■ AVAILABLE DATA:
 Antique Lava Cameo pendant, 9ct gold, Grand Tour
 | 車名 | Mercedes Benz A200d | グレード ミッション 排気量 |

---

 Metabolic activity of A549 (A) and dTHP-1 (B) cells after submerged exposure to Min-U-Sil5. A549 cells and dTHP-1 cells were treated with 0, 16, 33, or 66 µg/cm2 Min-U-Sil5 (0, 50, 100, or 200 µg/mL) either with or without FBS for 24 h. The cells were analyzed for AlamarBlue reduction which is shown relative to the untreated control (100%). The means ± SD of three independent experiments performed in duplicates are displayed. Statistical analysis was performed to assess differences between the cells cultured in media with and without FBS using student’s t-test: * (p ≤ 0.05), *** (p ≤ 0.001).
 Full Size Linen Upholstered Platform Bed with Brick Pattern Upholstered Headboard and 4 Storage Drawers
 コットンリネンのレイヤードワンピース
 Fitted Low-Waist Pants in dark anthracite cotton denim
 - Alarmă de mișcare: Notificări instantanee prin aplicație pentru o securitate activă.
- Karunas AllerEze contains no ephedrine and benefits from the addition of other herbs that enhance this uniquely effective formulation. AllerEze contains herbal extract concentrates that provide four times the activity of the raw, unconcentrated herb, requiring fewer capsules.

■ WHAT IS EXPECTED: In the listing above, locate the line containing "コットンリネンのレイヤードワンピース" and the line containing "- Karunas AllerEze". Transcribe those two lines and everything between them, exactly as written.

■ RESULT OF THE EXERCISE:
 コットンリネンのレイヤードワンピース
 Fitted Low-Waist Pants in dark anthracite cotton denim
 - Alarmă de mișcare: Notificări instantanee prin aplicație pentru o securitate activă.
- Karunas AllerEze contains no ephedrine and benefits from the addition of other herbs that enhance this uniquely effective formulation. AllerEze contains herbal extract concentrates that provide four times the activity of the raw, unconcentrated herb, requiring fewer capsules.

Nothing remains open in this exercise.